Rocket's strategy is to identify markets and niches where big players have yet to get established, cutting its losses if the competitive environment turns out to be too fierce, as it did in 2012 when it closed down operations in Turkey.

In many markets where Rocket firms operate, credit-card ownership is rare and shoppers prefer to pay in cash on the doorstep. That helps explain why e-commerce has been slow to take off in Latin America, apart from Brazil where cards are more common and online sales have reached $12 billion a year."It has been a very tough challenge here in Russia to create great customer experience, but this try-on concept, this interaction with the customer at the door ... creates a very high barrier for anybody who wants to offer the same level of service," said Lamoda Chief Executive Nils Tonsen.

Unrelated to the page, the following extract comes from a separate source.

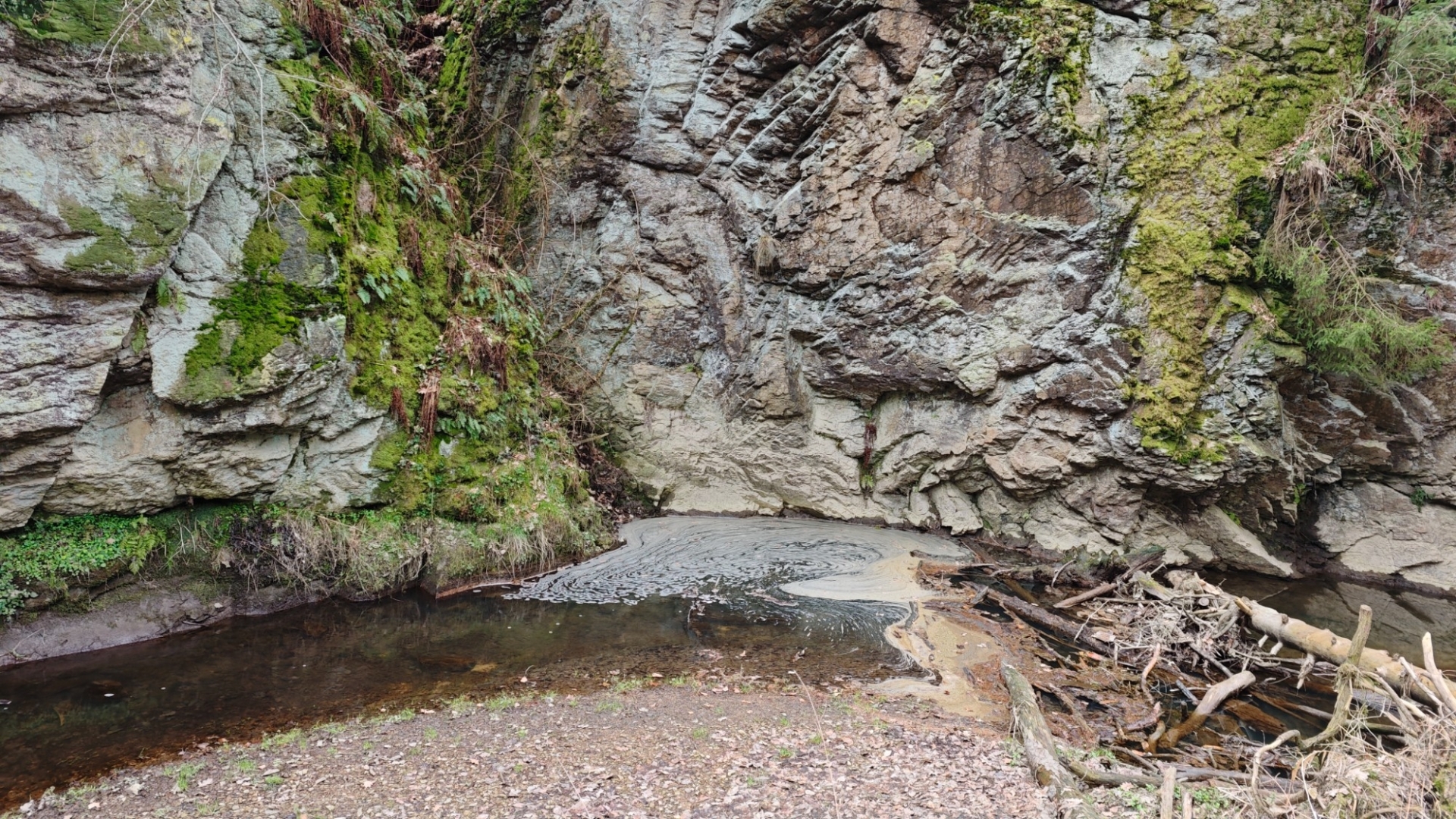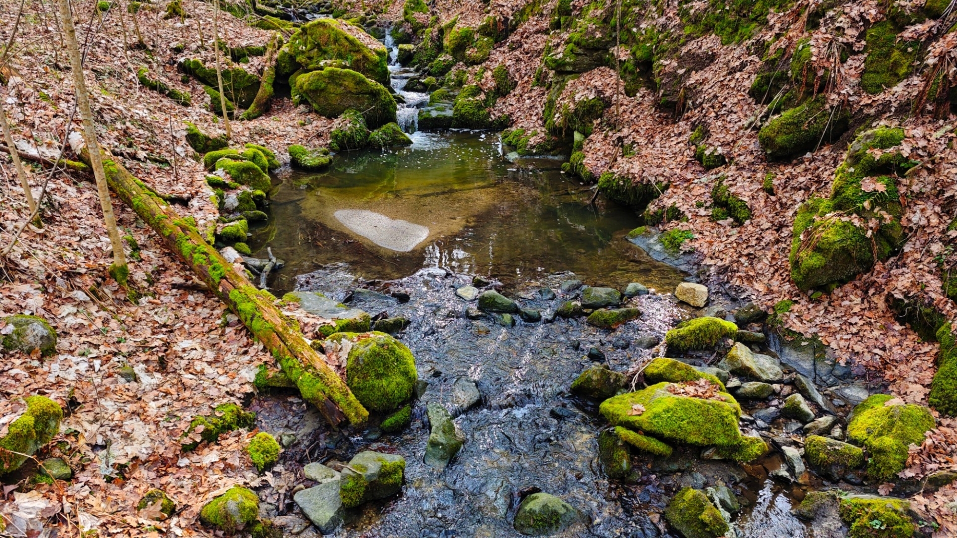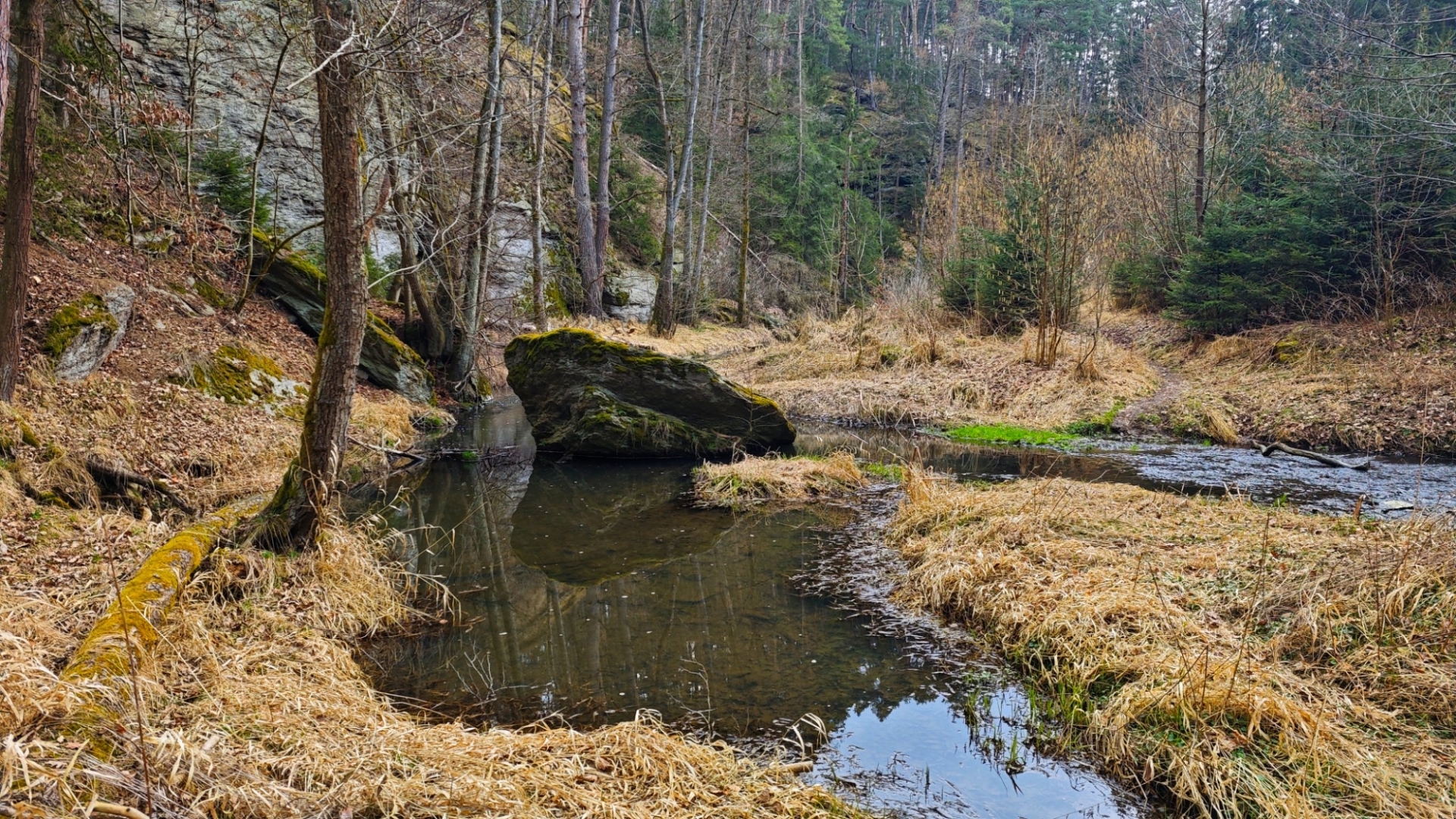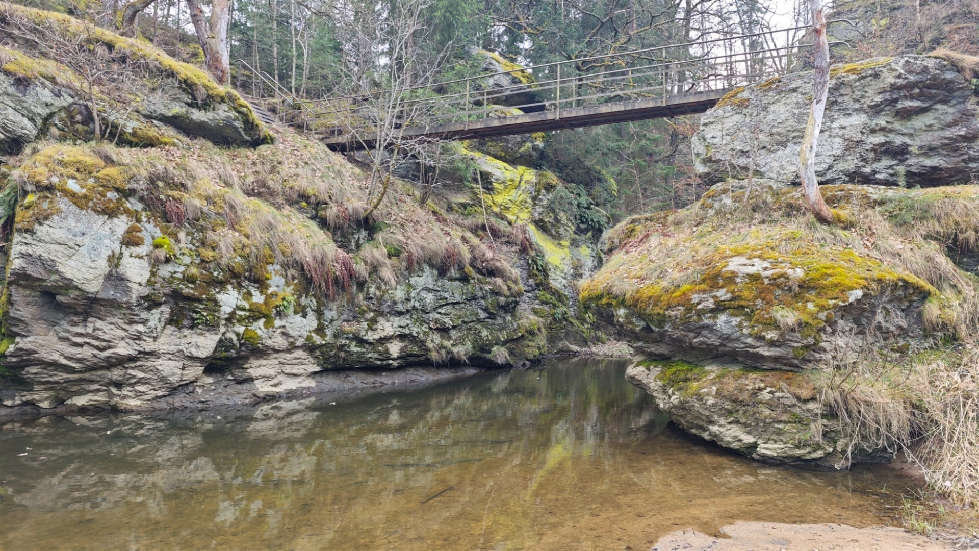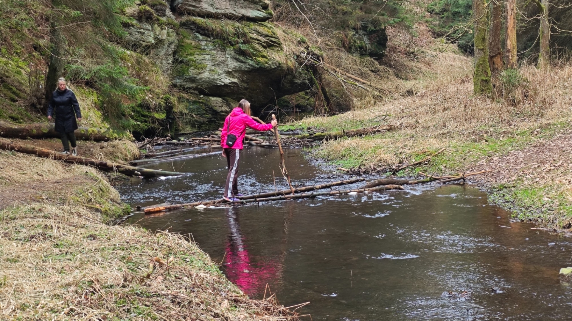 Skály v blízkosti potoka nutí stezku mnohokrát překonat meandry a balancovat po kmenech, větvích či kamenech v korytu není dost dobře možné. Z mapy napočítáme pět brodů, které jdou krátce za sebou. Ani si do trekových bot neberu ponožky, nemá to cenu. Jsem zvědavý, co tomu řekne moje nedoléčená viróza. Ale v ledové vodě, která působí jako Preisnitzova léčebná kúra, mi hned přestává téct z nosu. Ani jeden z první pětice přechodů nejde než přebrodit. Hanka je většinou před námi, jde svižně, pak jdu já a nakonec Jitka, která si ledovou vodu nejvíc užije, protože jde pomalu a opatrně. Užíváme si nepohodlí, jestli to tak jde nazvat. Kolem nás nestále mění potok směr, často kvůli skalám, které by bylo těžké překonávat přelézáním.

The e-commerce company and its early investors are hoping to sell up to 368 million shares for $60 to $66 apiece, according to a regulatory filing late Friday that sets the stage for Alibaba Group Ltd. to make its long-awaited debut on the New York Stock Exchange later this month.

The latest lawsuit accuses Alibaba not just of failing to stop sales but of permitting merchants on its platforms even if they openly say they sell unlicensed copies. The suit accuses Alibaba of mail fraud and racketeering, including processing payments for goods it knew were counterfeit.

It says it can launch a company within 100 days by drawing on expertise in areas like legal, finance, communications, marketing and business intelligence at its Berlin head office, helping it start an average of three to six new firms a year.

Security Features: Tighten up your site security by restricting access to your website back-office by user role. Each new company

Answer this question or make your own

Il contenuto di questo campo è privato e non verrà mostrato pubblicamente.